If you are starting up a new business venture as the pandemic abates, or buying an existing business, you may have to answer this question: When is the operation officially opening for business? This may be significant from a tax perspective.
Reason: While “ordinary and necessary” business expenses are generally deductible, start-up expenses must be capitalized. Thus, the business owner receives no tax benefit from those expenses until the business is sold, if ever.
Fortunately, however, the owner of a new business may write off certain “start-up costs” over a period of 60 months or more, beginning with the month in which the business begins. Therefore, the owner is able to derive some tax benefit from these expenses in the early years of ownership. It certainly behooves an owner to be “open for business” as soon as possible.
To qualify for the 60-month amortization, the start-up costs must be (1) those types of expenses that would normally be deductible as business expenses and (2) paid or incurred before the actual start of the business. This includes the following:
- Studies of potential markets, products, labor supply, transportation facilities, etc.;
- Advertisements for the business opening;
- Salaries and wages for employee training;
- Travel and other necessary costs for securing prospective distributors, suppliers or customers; and
- Salaries and fees for executives and consultants or for similar types of professional services.
Of course, the exact date a business is truly open depends on the nature of the business, but this typically means that you have started offering goods or services in exchange for payment. In other words, putting an “open for business” sign on a store’s door, by itself, does not suffice.
Other key points: If the business exceeds the $5,000 limit for start-up costs, the excess must be amortized over 180 months. Furthermore, the $5,000 write-off is phased out on a dollar-for-dollar basis for costs above $50,000. Therefore, if start-up costs for the year exceed $55,000, your write-off is zero.

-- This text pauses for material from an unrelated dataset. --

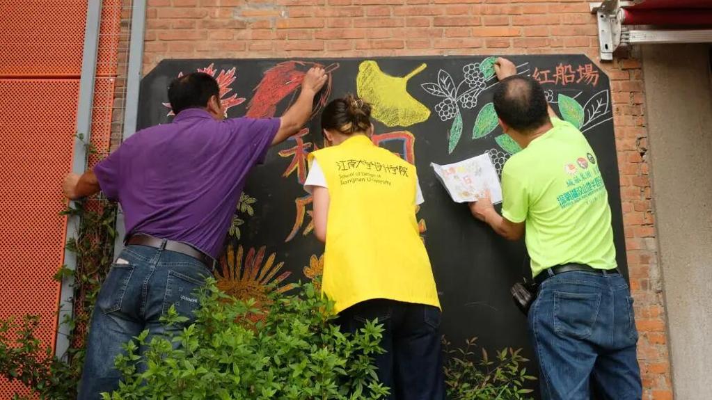 9月26日,江南大学设计学院益起设计志愿服务协会联合可益会在无锡红船场上演了一场充满爱与创意秋日风华” 主题黑板报绘制行动。4名设计学院志愿者与残友们一起用画笔勾勒美好、用陪伴传递温暖。

What happens if the attempt to start a new business fails? The qualified start-up expenses are characterized as capital expenditures and are deductible in the year of the business failure. Similarly, those expenses are deductible if the business is sold before the end of the amortization period. If all the technicalities under the law are satisfied, the business owner may qualify for a loss.
Final point: There are numerous complications to starting a new business. By assembling an experienced business advisory team, an aspiring entrepreneur can overcome the tax and legal hurdles. Do not hesitate to ask for assistance.